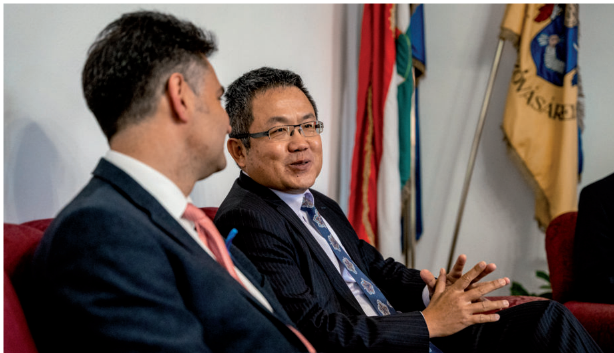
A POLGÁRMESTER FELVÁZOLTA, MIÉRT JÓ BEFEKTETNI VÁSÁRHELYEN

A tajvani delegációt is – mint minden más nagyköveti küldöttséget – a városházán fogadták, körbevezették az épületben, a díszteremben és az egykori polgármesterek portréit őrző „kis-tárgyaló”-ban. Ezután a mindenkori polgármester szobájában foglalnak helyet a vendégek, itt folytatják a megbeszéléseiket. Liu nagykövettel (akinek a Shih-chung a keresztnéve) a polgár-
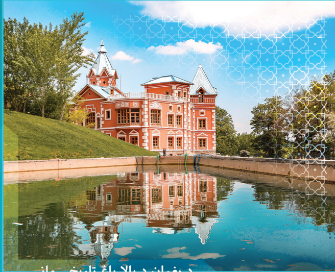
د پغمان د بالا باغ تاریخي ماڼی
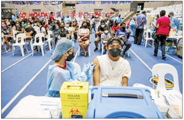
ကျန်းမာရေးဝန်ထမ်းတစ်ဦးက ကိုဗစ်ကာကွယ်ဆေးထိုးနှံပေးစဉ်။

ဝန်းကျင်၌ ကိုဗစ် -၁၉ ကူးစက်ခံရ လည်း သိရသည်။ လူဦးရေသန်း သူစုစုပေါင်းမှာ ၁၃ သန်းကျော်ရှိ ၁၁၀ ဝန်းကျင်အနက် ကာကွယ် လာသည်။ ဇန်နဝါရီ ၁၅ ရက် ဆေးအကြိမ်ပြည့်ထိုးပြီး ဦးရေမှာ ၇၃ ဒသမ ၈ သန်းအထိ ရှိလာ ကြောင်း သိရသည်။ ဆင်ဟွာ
* * *
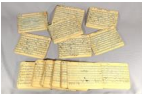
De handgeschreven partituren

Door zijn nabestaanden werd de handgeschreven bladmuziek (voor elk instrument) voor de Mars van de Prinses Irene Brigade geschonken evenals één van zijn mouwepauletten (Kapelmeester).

[What this task involves]: Using the records above, return word for word the lines that begin at the one containing "A POLGÁRMESTER FELVÁZOLTA, MIÉRT" and end at the one containing "ဝန်းကျင်၌ ကိုဗစ် -၁၉", both of them included and no pictures.

[Solved exercise]:
A POLGÁRMESTER FELVÁZOLTA, MIÉRT JÓ BEFEKTETNI VÁSÁRHELYEN

A tajvani delegációt is – mint minden más nagyköveti küldöttséget – a városházán fogadták, körbevezették az épületben, a díszteremben és az egykori polgármesterek portréit őrző „kis-tárgyaló”-ban. Ezután a mindenkori polgármester szobájában foglalnak helyet a vendégek, itt folytatják a megbeszéléseiket. Liu nagykövettel (akinek a Shih-chung a keresztnéve) a polgár-
د پغمان د بالا باغ تاریخي ماڼی
ကျန်းမာရေးဝန်ထမ်းတစ်ဦးက ကိုဗစ်ကာကွယ်ဆေးထိုးနှံပေးစဉ်။

ဝန်းကျင်၌ ကိုဗစ် -၁၉ ကူးစက်ခံရ လည်း သိရသည်။ လူဦးရေသန်း သူစုစုပေါင်းမှာ ၁၃ သန်းကျော်ရှိ ၁၁၀ ဝန်းကျင်အနက် ကာကွယ် လာသည်။ ဇန်နဝါရီ ၁၅ ရက် ဆေးအကြိမ်ပြည့်ထိုးပြီး ဦးရေမှာ ၇၃ ဒသမ ၈ သန်းအထိ ရှိလာ ကြောင်း သိရသည်။ ဆင်ဟွာ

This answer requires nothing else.